One cannot ignore consumption patterns if one is trying to measure consumer prices. In the most absurd example, let's say there are only two products A and B (they are substitutes). The price of A rises to such a point that every consumer makes a permanent switch to B. An inflation index that ignores that reality that customers no longer purchase Product A would be irrelevant.
The assumption is that the government knows everything that is happening in the market place at any given time. Individual households spend and save differently. To assume that some bureaucrats can possibly accurately measure the spending habbits of over 300 million people is silly. If they are off even by a a few percentage points, it makes a huge difference in inflation numbers.
The inflation indices do not represent prices the government is imposing on consumers. They reflect prices that are prevailing in the marketplace. Overwhelmingly, those prices result from supply and demand, not government mandate. That government agencies report the prices does not change that reality.
Also, price indices offer a snapshot of what an "average" customer is paying. Needless to say, each consumer is unique. Each has unique consumption patterns. The inflation indices offer a reasonable idea of what is going on in terms of prices.

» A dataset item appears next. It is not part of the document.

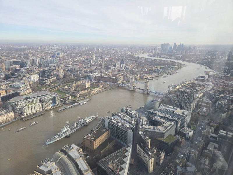 On Wednesday, I visited the Shard. The tallest building in Western Europe. There is an enclosed viewing area and a terrace around floor 70 with views of all of London. You have to take two elevators to get to the enclosed viewing area, and then you have to go up more stairs or an elevator to get to the terrace which is the highest publicly accessible floor.

Premiums should be part of the CPI, especially considering how much money is spent on them. You see, those who publish the CPI tend to remove items that are inflating in price from the basket to keep it looking stable. It really is a joke. If you continually change the ruler, how can you claim to have accurate measurements? Changes in consumer spending on certain items may be a direct result of certain items being more expensive. Say people spend less on candy because it grew too expensive. As a result, the CPI would lower how much weight candy had in its numbers. It has a tendency to remove the items that are inflating the most.
Premiums reflect a combination of underlying costs (part of the inflation indices) and profit objectives of the health insurers. If one is interested in tracking insurance premiums, such data is available. Large amounts of health data from total national expenditures to out-of-pocket expenditures are available. There is no analytical challenge to using such information.
While I won't speak for others, I use multiple indicators to examine price trends (narrow and broad measures, not to mention myriad asset prices). With full knowledge of the limitations of each index and reliance on multiple sources of data, I believe I have a pretty good picture of price trends.
Hence, even as a question was raised not too long ago in one blog as to why QE2 had not resulted in greater inflation, a look at all the data showed that such a question actually missed the mark. QE2 was, among other things, skewing equities prices more than consumer prices, with a clear and accelerating decoupling from national income manifesting itself. And if one understands the various financial linkages and behavior e.g., the incentive to search for yield, that outcome makes reasonable sense. Since that time, the imminent end of QE2, deceleration of U.S. growth, and Greece-related issues have partially reversed the QE2-related distortions.